- [PROVIDED DATA]
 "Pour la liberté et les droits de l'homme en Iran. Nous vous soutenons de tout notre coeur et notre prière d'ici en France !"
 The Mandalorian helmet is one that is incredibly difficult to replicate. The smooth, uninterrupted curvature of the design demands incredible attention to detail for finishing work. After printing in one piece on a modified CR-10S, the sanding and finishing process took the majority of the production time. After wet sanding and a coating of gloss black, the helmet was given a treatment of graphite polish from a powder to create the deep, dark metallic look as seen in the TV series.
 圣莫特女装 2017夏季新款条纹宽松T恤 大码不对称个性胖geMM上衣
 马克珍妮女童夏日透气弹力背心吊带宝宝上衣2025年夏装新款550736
* * *
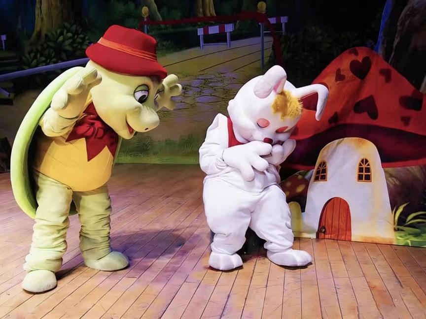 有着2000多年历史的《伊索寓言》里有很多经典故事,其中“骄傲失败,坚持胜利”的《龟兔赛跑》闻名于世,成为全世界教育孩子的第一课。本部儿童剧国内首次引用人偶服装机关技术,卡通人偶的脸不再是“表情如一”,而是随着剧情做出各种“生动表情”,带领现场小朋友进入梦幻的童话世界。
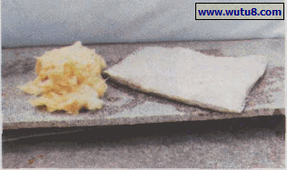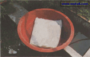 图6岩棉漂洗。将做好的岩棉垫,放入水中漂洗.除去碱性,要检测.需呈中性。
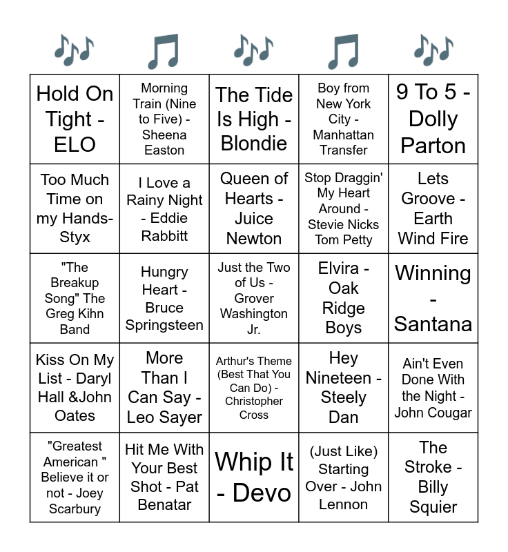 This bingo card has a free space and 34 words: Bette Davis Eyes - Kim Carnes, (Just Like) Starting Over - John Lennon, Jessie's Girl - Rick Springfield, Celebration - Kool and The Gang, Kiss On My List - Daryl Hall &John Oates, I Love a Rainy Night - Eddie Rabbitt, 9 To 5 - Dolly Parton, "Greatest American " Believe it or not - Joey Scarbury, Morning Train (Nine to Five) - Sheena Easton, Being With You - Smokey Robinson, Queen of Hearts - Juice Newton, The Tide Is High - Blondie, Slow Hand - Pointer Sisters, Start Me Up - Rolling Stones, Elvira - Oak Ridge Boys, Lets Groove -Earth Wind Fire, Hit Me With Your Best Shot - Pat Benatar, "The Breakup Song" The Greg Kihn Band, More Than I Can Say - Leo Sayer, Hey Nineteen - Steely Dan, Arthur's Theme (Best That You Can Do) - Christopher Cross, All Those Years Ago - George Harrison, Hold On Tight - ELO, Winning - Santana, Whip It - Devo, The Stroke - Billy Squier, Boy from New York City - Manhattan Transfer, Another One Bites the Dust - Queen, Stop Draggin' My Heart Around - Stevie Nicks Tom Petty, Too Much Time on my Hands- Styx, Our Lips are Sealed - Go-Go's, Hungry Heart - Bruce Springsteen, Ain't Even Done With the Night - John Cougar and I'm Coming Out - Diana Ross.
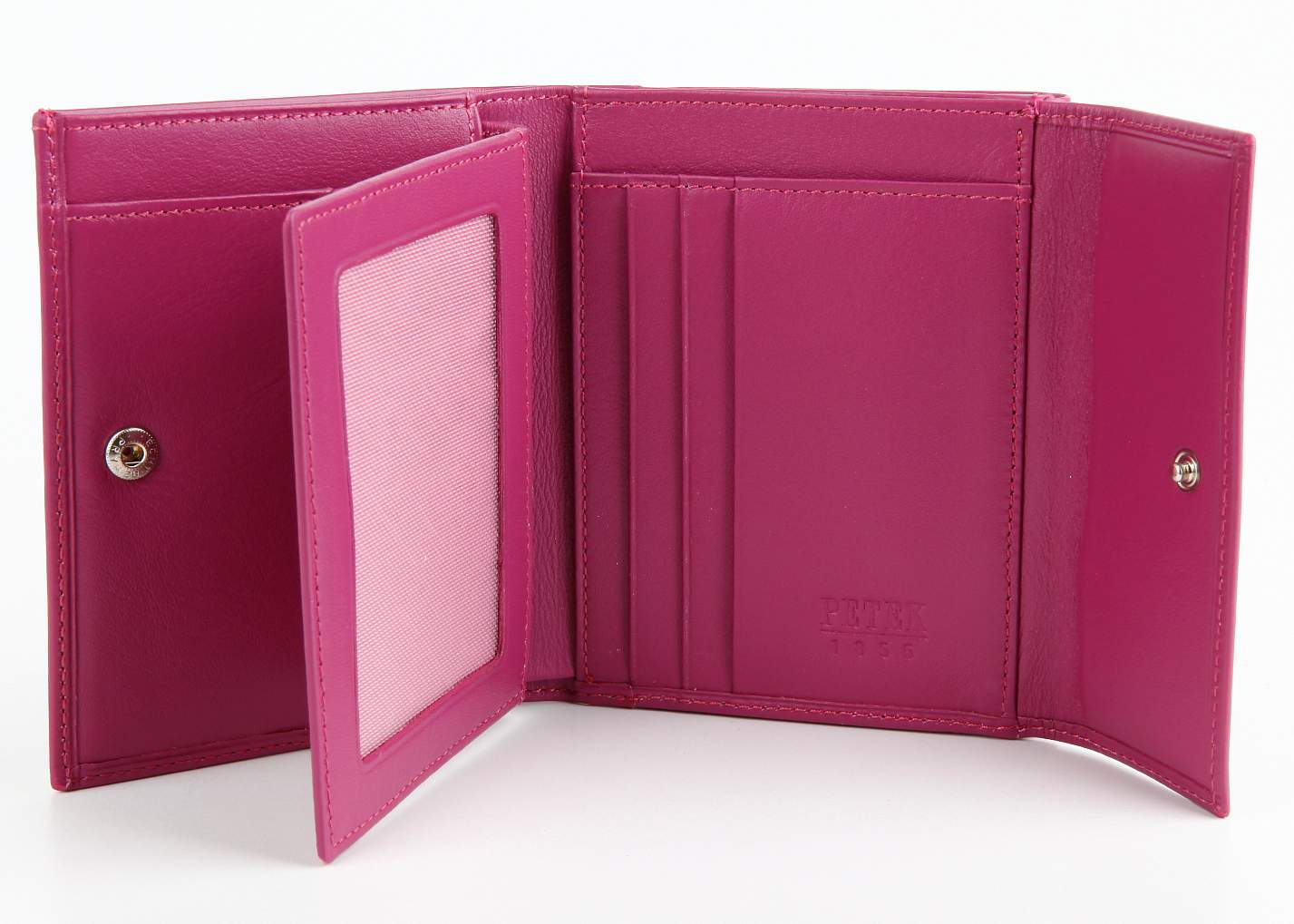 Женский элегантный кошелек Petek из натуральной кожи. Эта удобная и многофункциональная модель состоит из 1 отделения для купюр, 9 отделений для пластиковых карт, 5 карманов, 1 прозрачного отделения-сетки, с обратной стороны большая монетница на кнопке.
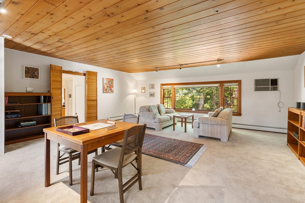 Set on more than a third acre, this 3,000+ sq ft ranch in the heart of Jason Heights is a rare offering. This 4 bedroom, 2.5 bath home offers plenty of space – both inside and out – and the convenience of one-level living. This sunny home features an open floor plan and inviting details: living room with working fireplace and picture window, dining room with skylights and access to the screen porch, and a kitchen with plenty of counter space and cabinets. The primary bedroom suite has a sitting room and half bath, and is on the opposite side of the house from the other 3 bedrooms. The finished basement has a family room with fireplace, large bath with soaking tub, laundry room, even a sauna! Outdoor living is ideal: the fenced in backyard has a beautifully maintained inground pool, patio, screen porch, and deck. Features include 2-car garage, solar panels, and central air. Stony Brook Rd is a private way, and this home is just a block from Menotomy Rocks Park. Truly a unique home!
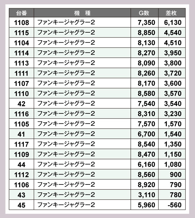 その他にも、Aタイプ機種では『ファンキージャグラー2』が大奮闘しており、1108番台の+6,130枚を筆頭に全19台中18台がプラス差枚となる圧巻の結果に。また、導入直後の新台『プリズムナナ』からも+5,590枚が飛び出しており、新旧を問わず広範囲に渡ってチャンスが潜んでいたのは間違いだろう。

- [EXERCISE INSTRUCTIONS] From the listing above, return the lines starting at the one with "la liberté et" and ending at the one with "马克珍妮女童夏日透气弹力背心吊带宝宝上衣2025年夏装新款550736", both kept, exactly as they appear and nothing more.

- [ANSWER BOX]
 "Pour la liberté et les droits de l'homme en Iran. Nous vous soutenons de tout notre coeur et notre prière d'ici en France !"
 The Mandalorian helmet is one that is incredibly difficult to replicate. The smooth, uninterrupted curvature of the design demands incredible attention to detail for finishing work. After printing in one piece on a modified CR-10S, the sanding and finishing process took the majority of the production time. After wet sanding and a coating of gloss black, the helmet was given a treatment of graphite polish from a powder to create the deep, dark metallic look as seen in the TV series.
 圣莫特女装 2017夏季新款条纹宽松T恤 大码不对称个性胖geMM上衣
 马克珍妮女童夏日透气弹力背心吊带宝宝上衣2025年夏装新款550736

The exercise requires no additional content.